F**king Run is, like all the multiplayer modes in FEAR 3, a lot of fun to play. The constant pressure of the wave at your backs gives each match an urgency and drive that elevates it above other co-op modes, at least in tone. It's inventive and interesting, and it isn't the only multiplayer mode in FEAR 3 that feels that way. However, that just makes the crassness of the name and the generic design of most of the maps even more of a pain; it's such a good idea that should clearly feel better than the reality, or at least like less of a guilty pleasure.
Fortunately, underneath all the needless swearing and the increasingly hole-ridden plot, FEAR 3's gory scaffolding is sound. It's easy to look at FEAR 3 and point out where it's trying too hard or where it fails to live up to its full potential, but it's hard to say that these factors make it a bad game. It isn't
a bad game.
The reason for this is, again, the violence and the feel of enacting that violence. Shooting enemies in FEAR 3 is a lot of fun, especially when you can slow the game down to such a degree that you can appreciate every moment of it individually. The returning mecha-robots and the steadily unlocked hand-to-hand moves add yet more appeal on top of that, and the co-operative campaign, while basic, is a cherry on the cake.

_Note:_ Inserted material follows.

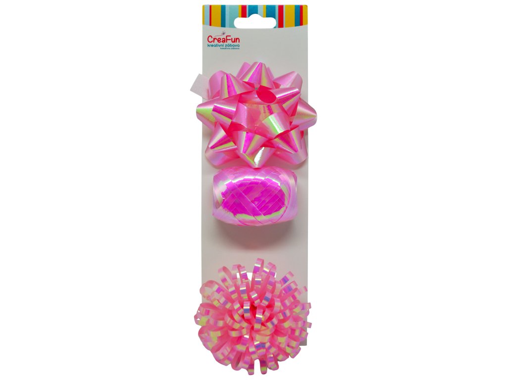 Dárková sada růžová duhově lesklá, 3 ks (stuha 10 m + 2 mašle)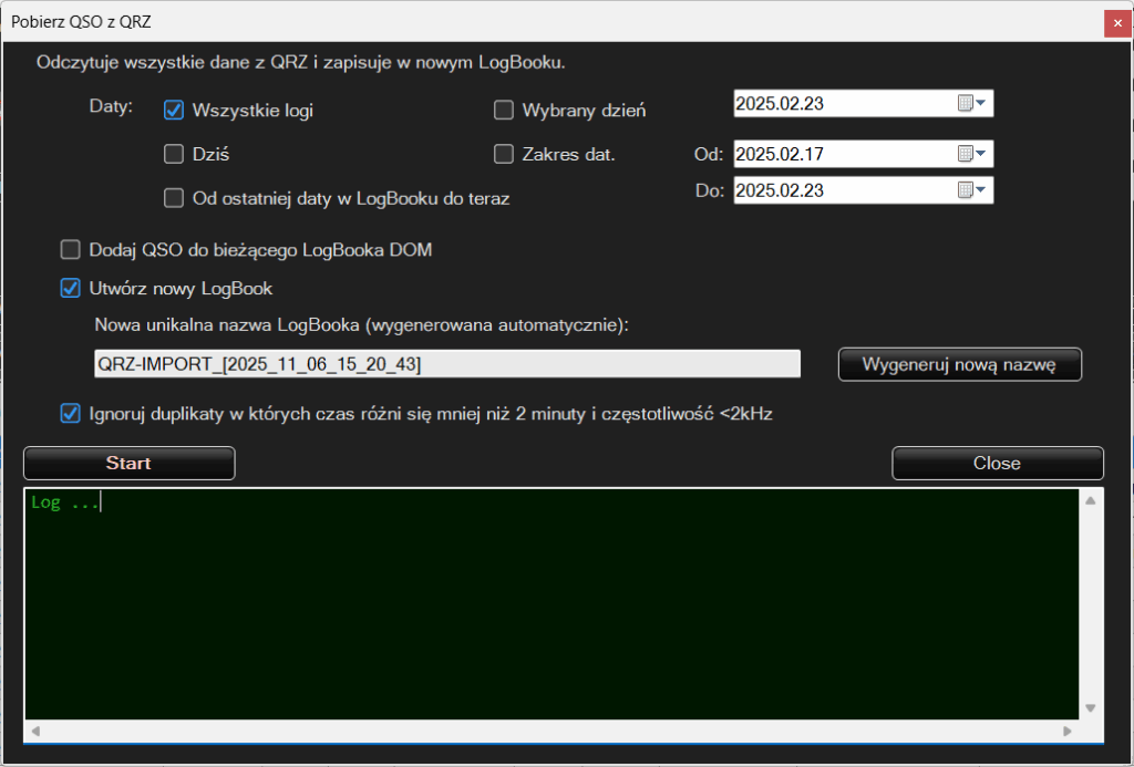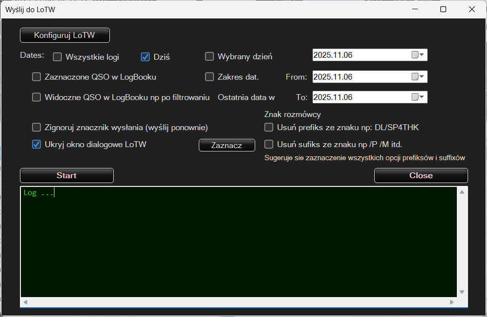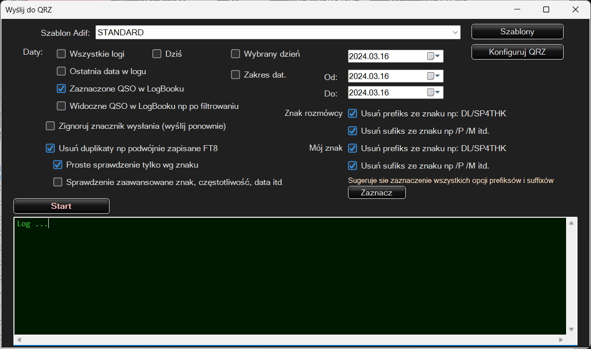 Należy wybrać zakres wysyłanych QSO: wszystkie, czy według daty czy widoczności/zaznaczenia

It's still ultimately disappointing that FEAR 3 isn't at all scary, and that it cheapens itself with attention-grabbing swearing, which drags down the experience – and the score. Yet these disappointing elements don't wholly diminish the pleasure of playing in FEAR 3's hyper-violent sandbox.
Gunplay that is this fluid – Run! Slide under obstacles! Jump! Slow-mo! Shoot those grenades! Kick that guy! – takes a long time to get old. Those hoping for a sophisticated and thrilling horror will be severely disappointed, but those who'll be happy with just a quite good shooter will be pleasantly surprised indeed.